Provided information: Begin

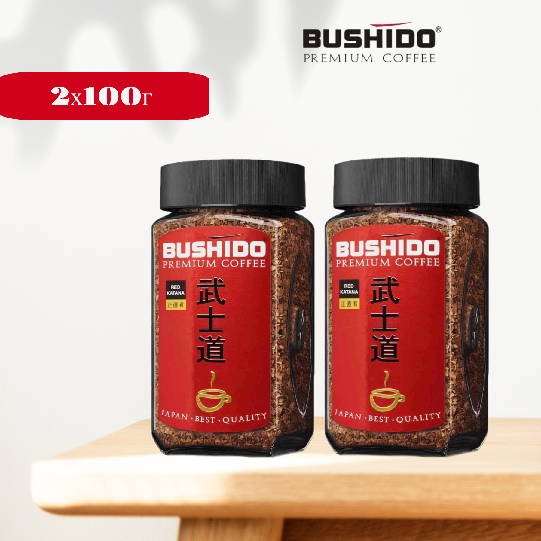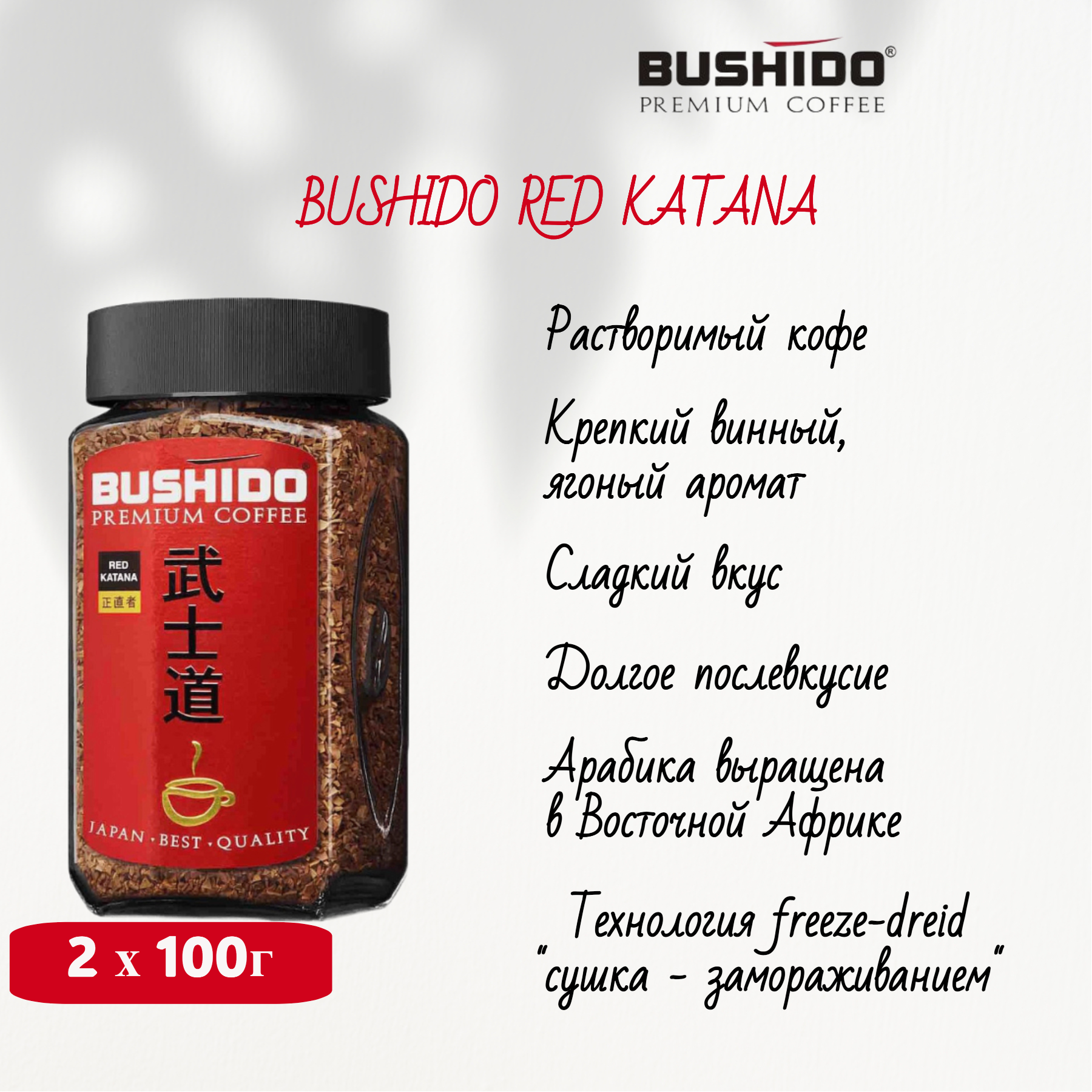 Кофе растворимый Bushido Red Katana, стеклянная банка, 2 уп. по 100 г
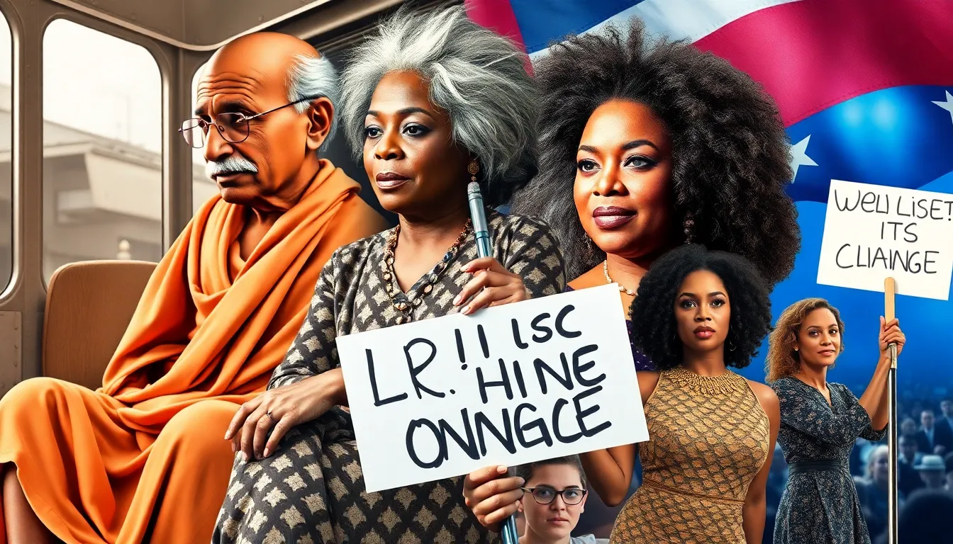 • Mahatma Gandhi: Advocated for nonviolent resistance and led India to independence, promoting civil rights globally.
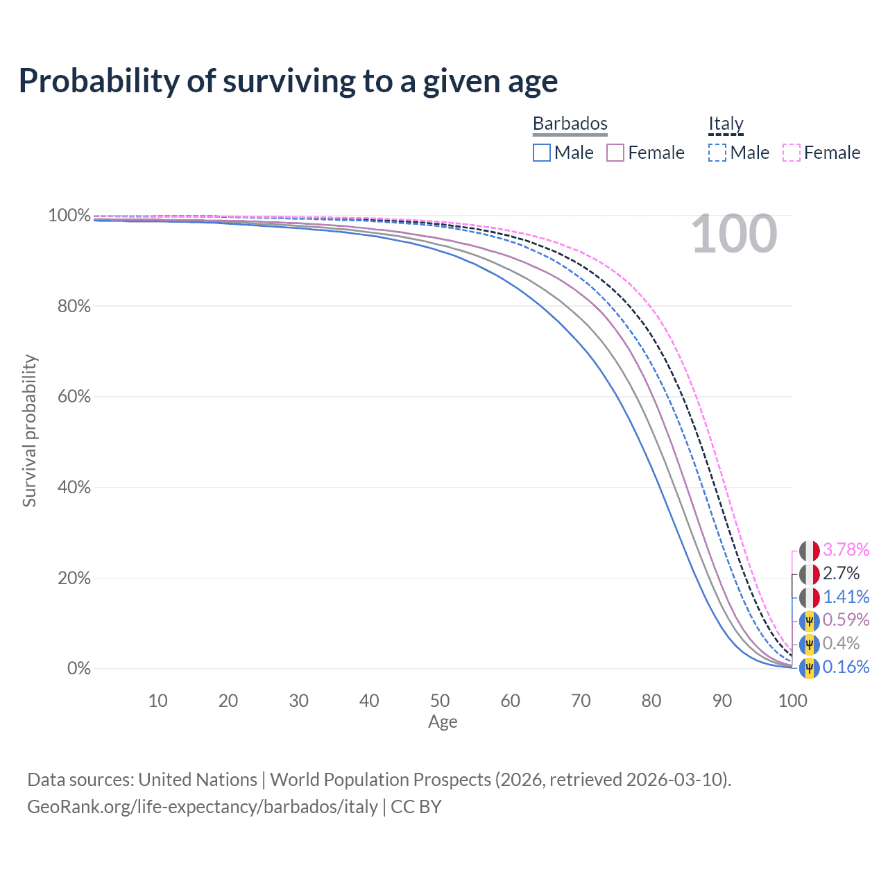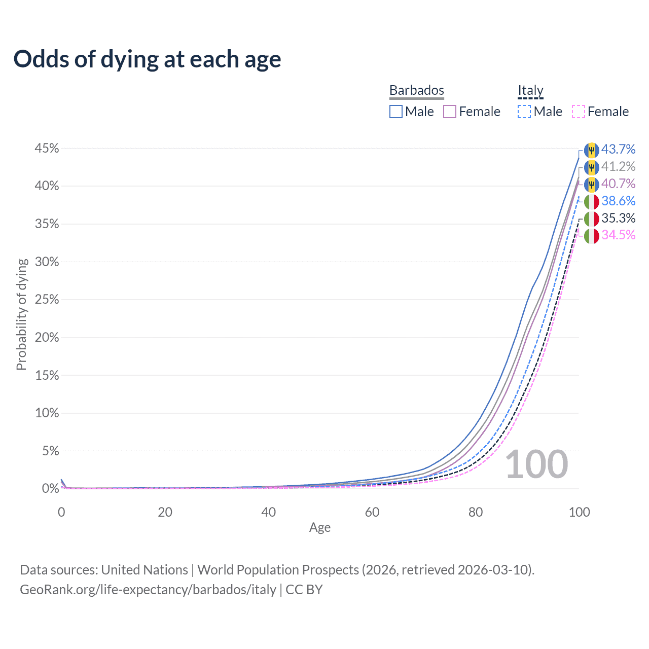 This life expectancy calculator shows the odds of living to 100, 95, 90, and below based on current age for both males and females in Barbados and Italy, along with mean and median age of death. The calculations are based on the 2026 life tables (actuarial tables) from the UN World Population Prospects.
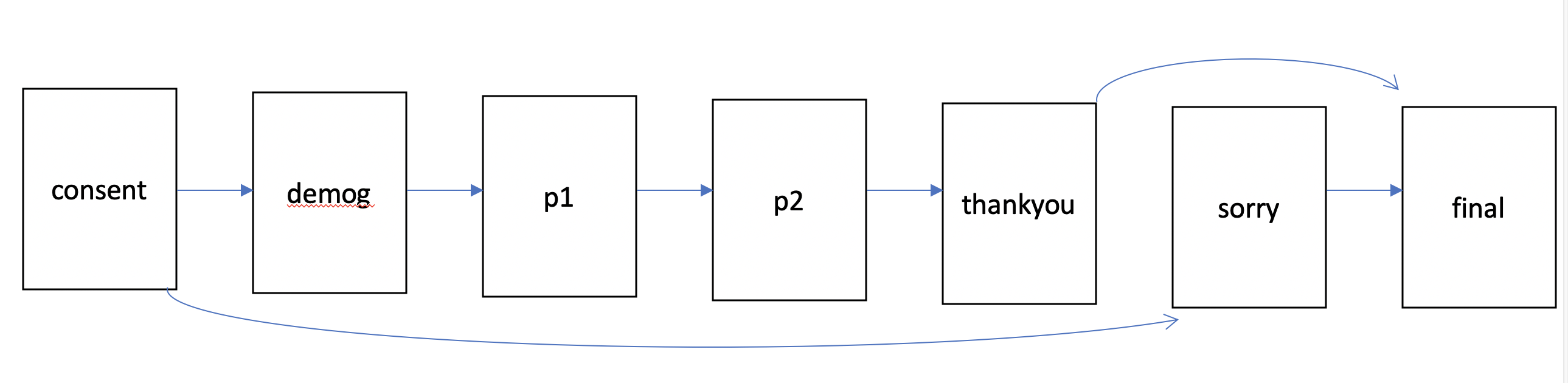 If the respondent does not give consent, then they should be thanked politely, but they should not receive the same debrief. In Limesurvey, you can make questions only appear if an early question has been answered in a certain way – so only if they have given consent, for example. Rather than jumping over questions, they are just not shown.
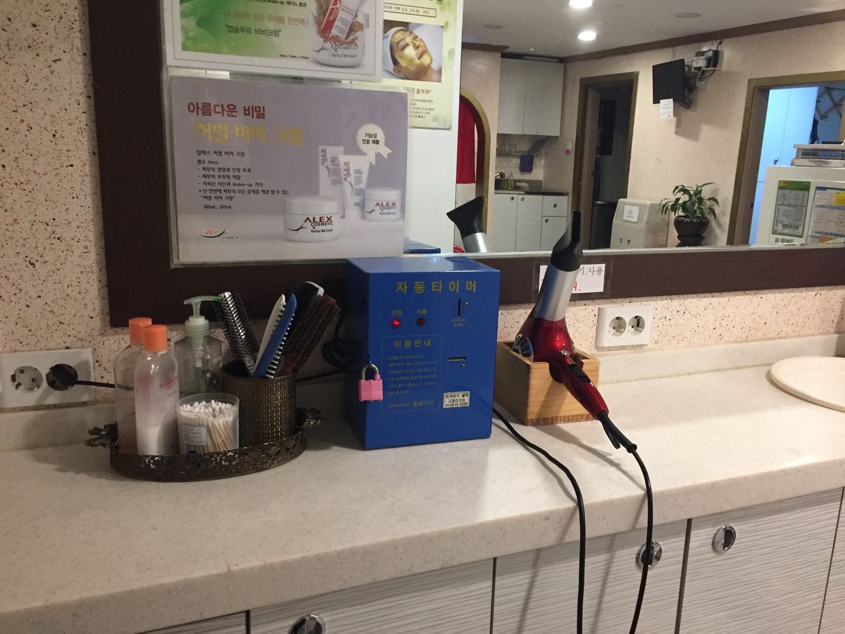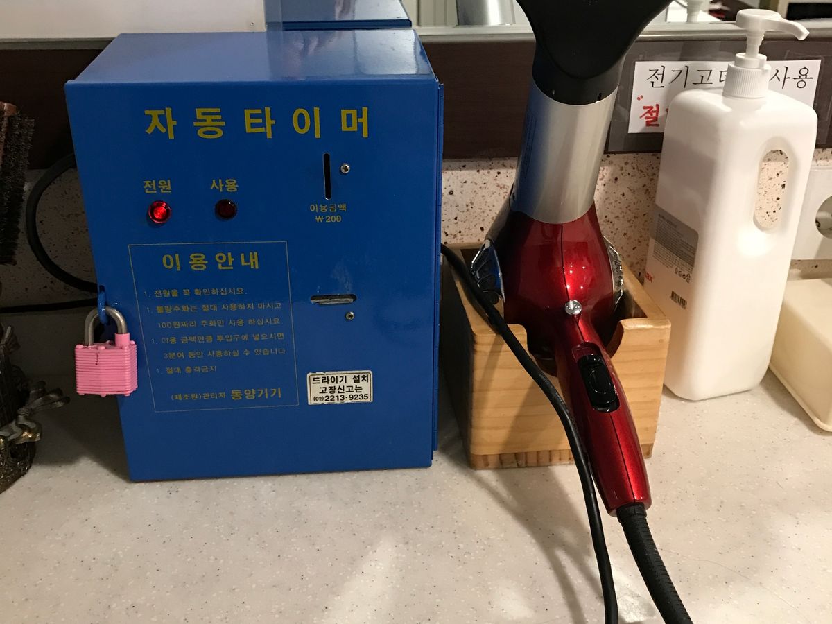 後、髪の毛乾かすのにドライヤーに200ウォン?入れなきゃだめなのかなと思ったけれど、その200ウォンは、用意してくれてました。
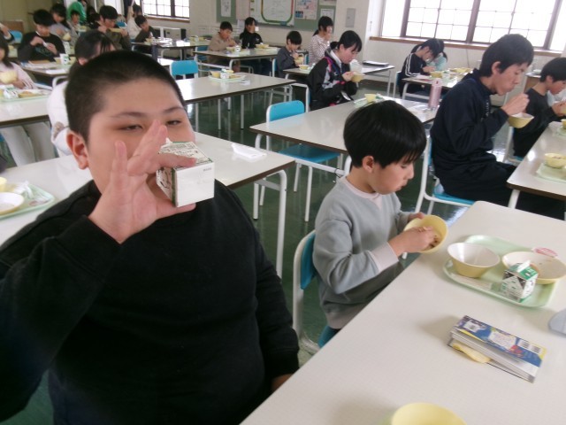 みんなで6年生の卒業を祝う「お祝い給食」です。
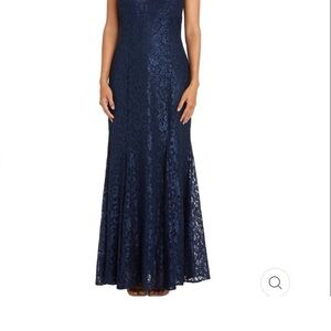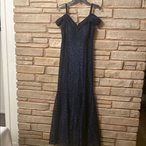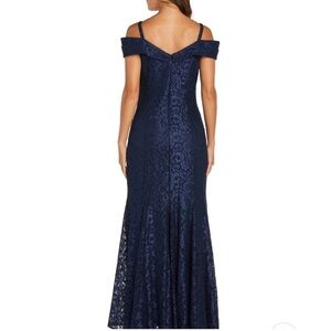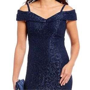 R&M Richard’s Elegant Navy Off-Shoulder Lace Gown Size 8 Navy Blue
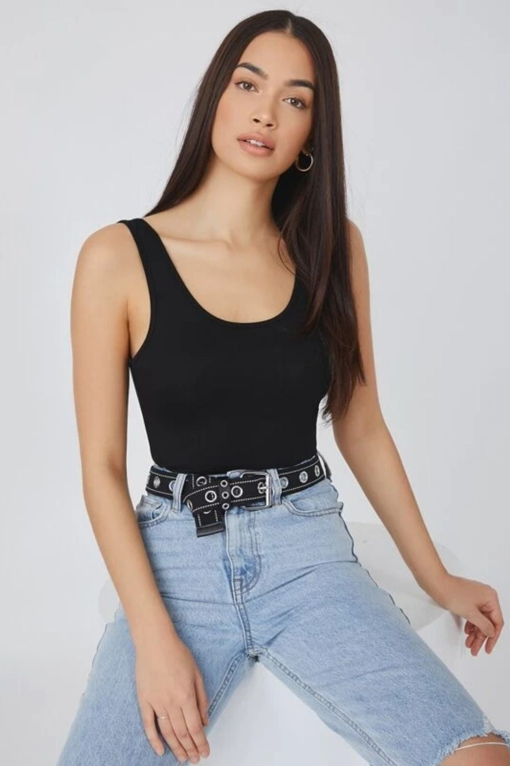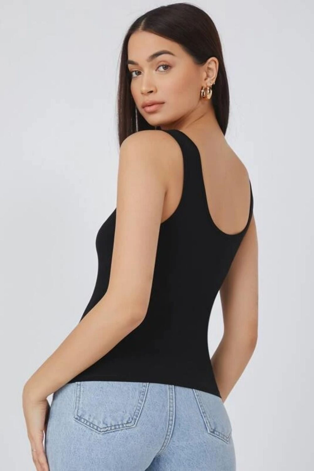 The timeless black color adds a touch of sophistication, making it easy to pair with a variety of bottoms, from your favorite jeans to flowy skirts. The scoop neck adds a feminine touch, highlighting your collarbone and creating a flattering neckline. This tank top is a versatile staple that can effortlessly take you from casual brunches to evening gatherings with friends.
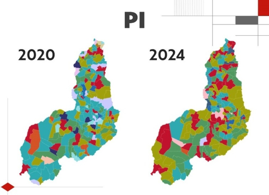 No Piauí, em relação a 2020, o Partido dos Trabalhadores mais que dobrou o total de cidades que ficarão sob sua gestão e o Progressistas, que teve 84 vitórias em 2024, caiu para menos da metade.

Provided information: End

**Exercise**
Omit all images when repeating the data above exactly.

**Solution to this exercise**
 Кофе растворимый Bushido Red Katana, стеклянная банка, 2 уп. по 100 г
 • Mahatma Gandhi: Advocated for nonviolent resistance and led India to independence, promoting civil rights globally.
 This life expectancy calculator shows the odds of living to 100, 95, 90, and below based on current age for both males and females in Barbados and Italy, along with mean and median age of death. The calculations are based on the 2026 life tables (actuarial tables) from the UN World Population Prospects.
 If the respondent does not give consent, then they should be thanked politely, but they should not receive the same debrief. In Limesurvey, you can make questions only appear if an early question has been answered in a certain way – so only if they have given consent, for example. Rather than jumping over questions, they are just not shown.
 後、髪の毛乾かすのにドライヤーに200ウォン?入れなきゃだめなのかなと思ったけれど、その200ウォンは、用意してくれてました。
 みんなで6年生の卒業を祝う「お祝い給食」です。
 R&M Richard’s Elegant Navy Off-Shoulder Lace Gown Size 8 Navy Blue
 The timeless black color adds a touch of sophistication, making it easy to pair with a variety of bottoms, from your favorite jeans to flowy skirts. The scoop neck adds a feminine touch, highlighting your collarbone and creating a flattering neckline. This tank top is a versatile staple that can effortlessly take you from casual brunches to evening gatherings with friends.
 No Piauí, em relação a 2020, o Partido dos Trabalhadores mais que dobrou o total de cidades que ficarão sob sua gestão e o Progressistas, que teve 84 vitórias em 2024, caiu para menos da metade.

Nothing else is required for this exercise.